:: Data segment ::
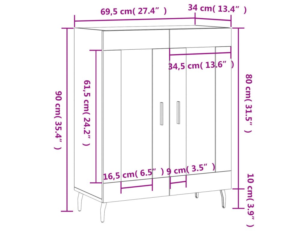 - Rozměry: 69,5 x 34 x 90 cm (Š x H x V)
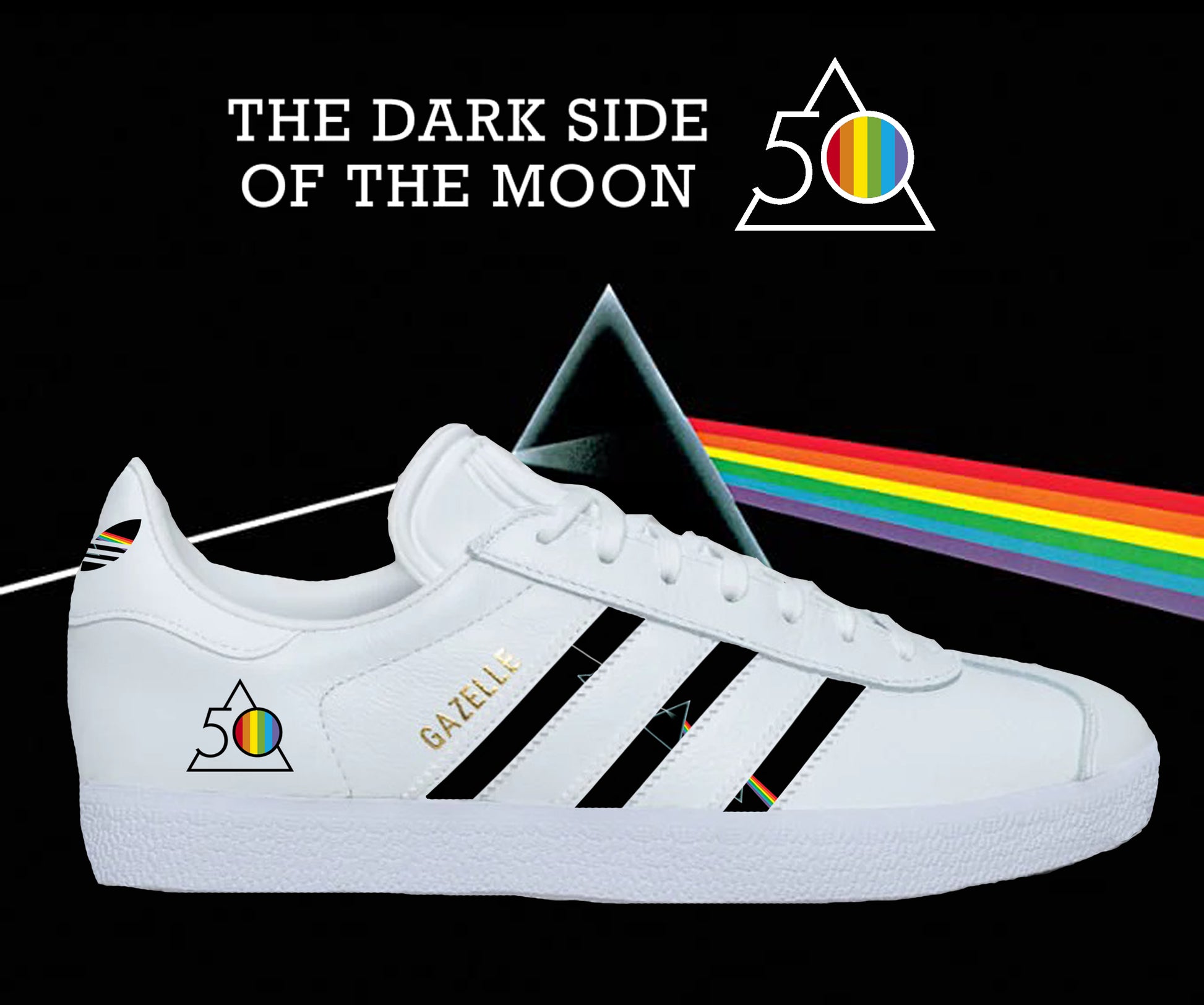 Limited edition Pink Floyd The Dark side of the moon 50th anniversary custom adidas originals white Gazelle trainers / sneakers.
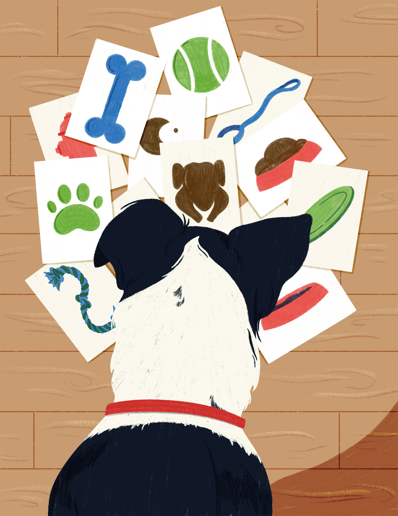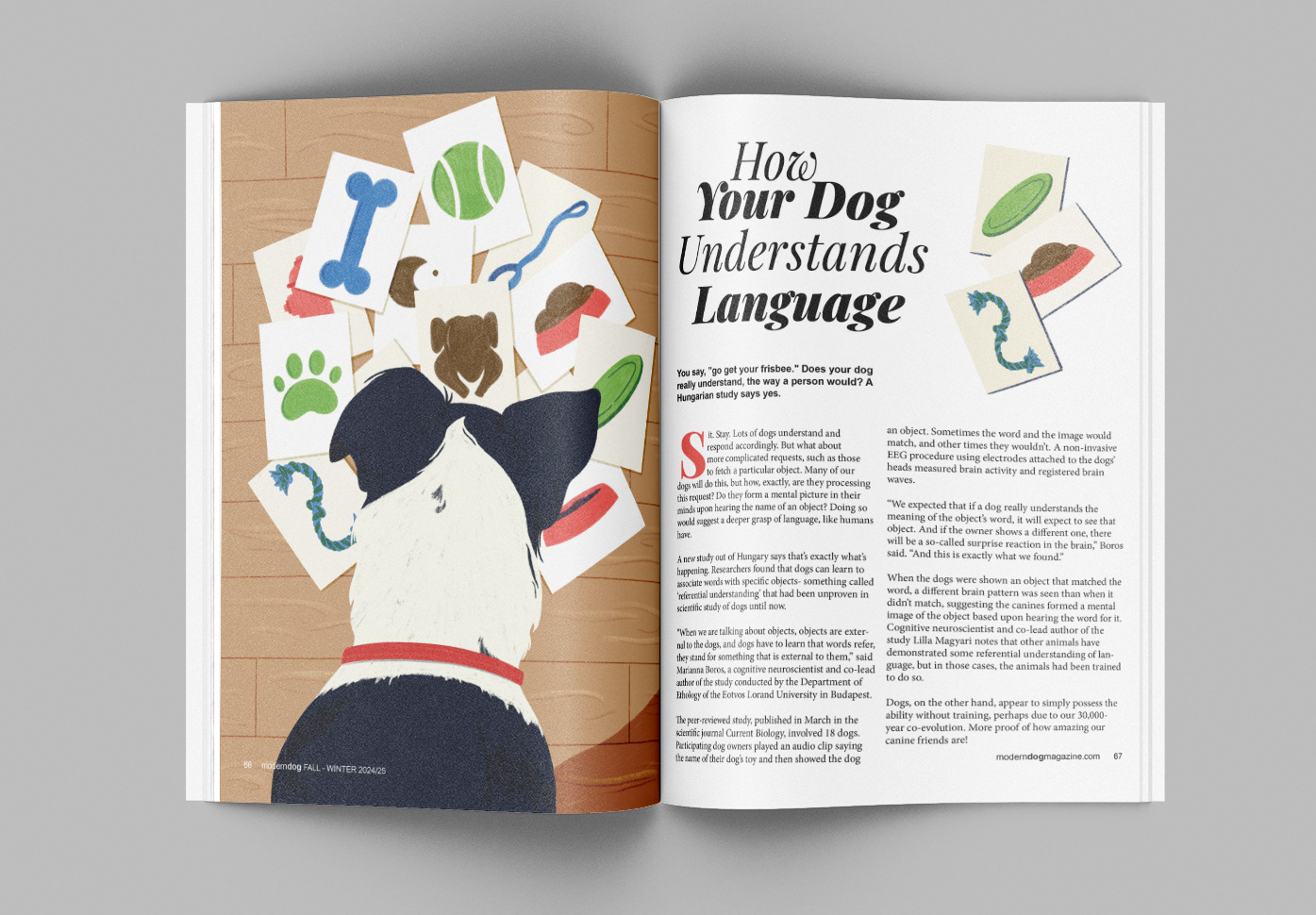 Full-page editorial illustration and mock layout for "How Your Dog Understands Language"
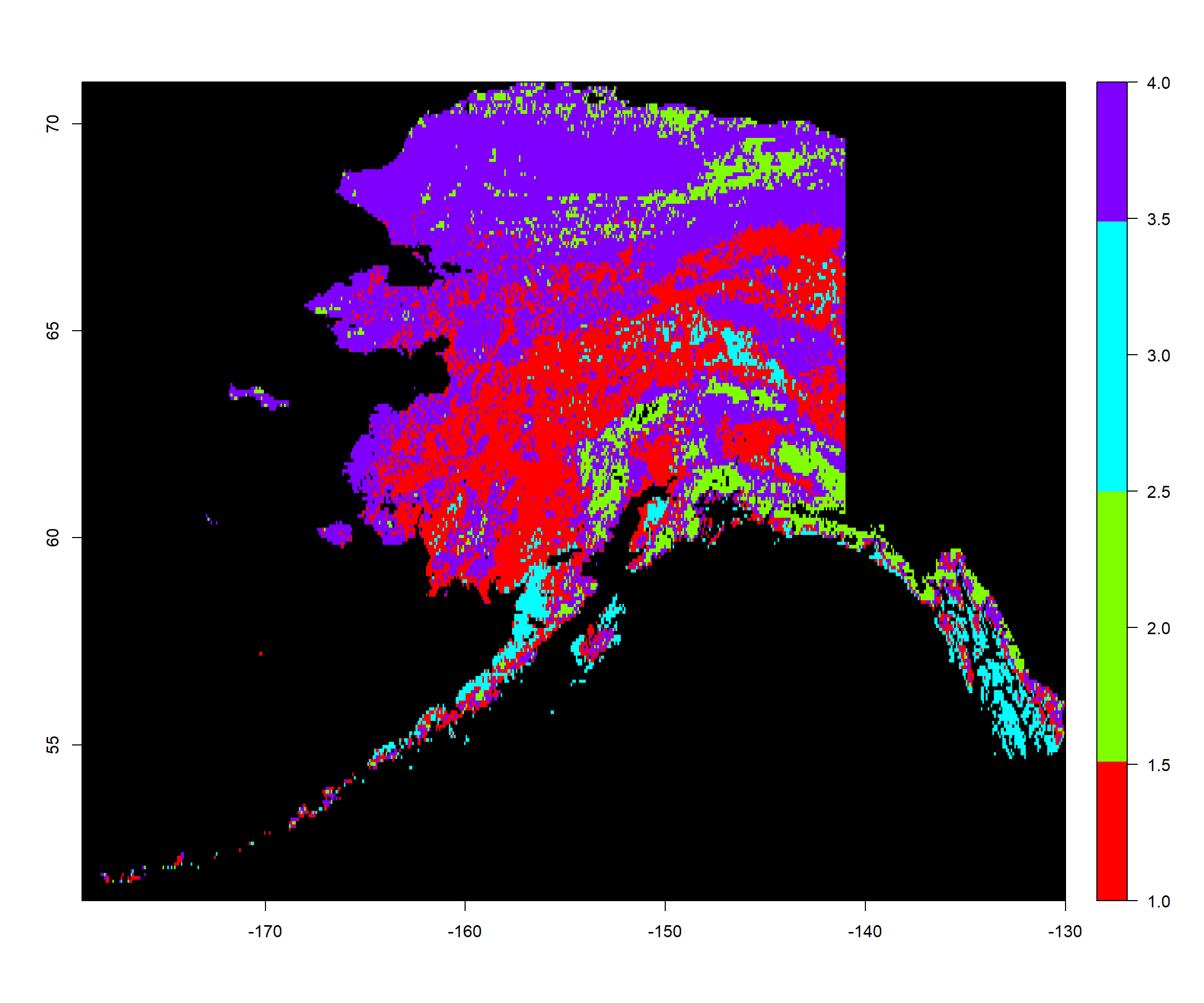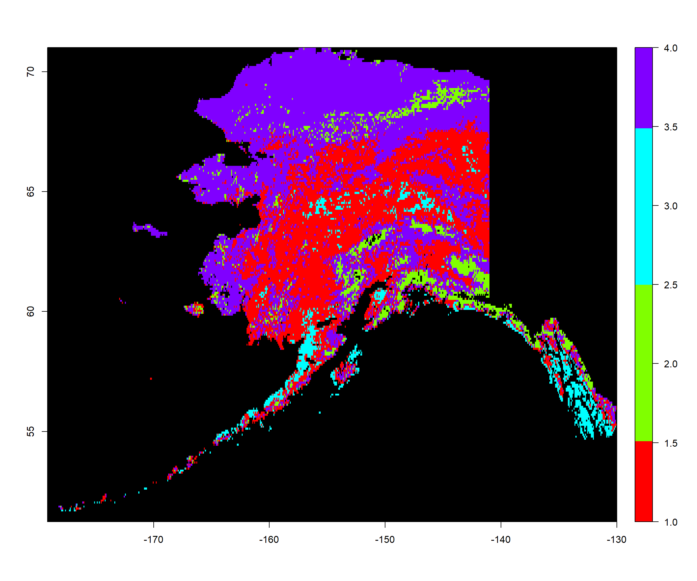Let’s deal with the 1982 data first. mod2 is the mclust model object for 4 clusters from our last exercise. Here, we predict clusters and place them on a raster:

:: Exercise ::
The response has to be an exact copy of all the data, pictures excluded.

:: Answer space ::
 - Rozměry: 69,5 x 34 x 90 cm (Š x H x V)
 Limited edition Pink Floyd The Dark side of the moon 50th anniversary custom adidas originals white Gazelle trainers / sneakers.
 Full-page editorial illustration and mock layout for "How Your Dog Understands Language"
Let’s deal with the 1982 data first. mod2 is the mclust model object for 4 clusters from our last exercise. Here, we predict clusters and place them on a raster:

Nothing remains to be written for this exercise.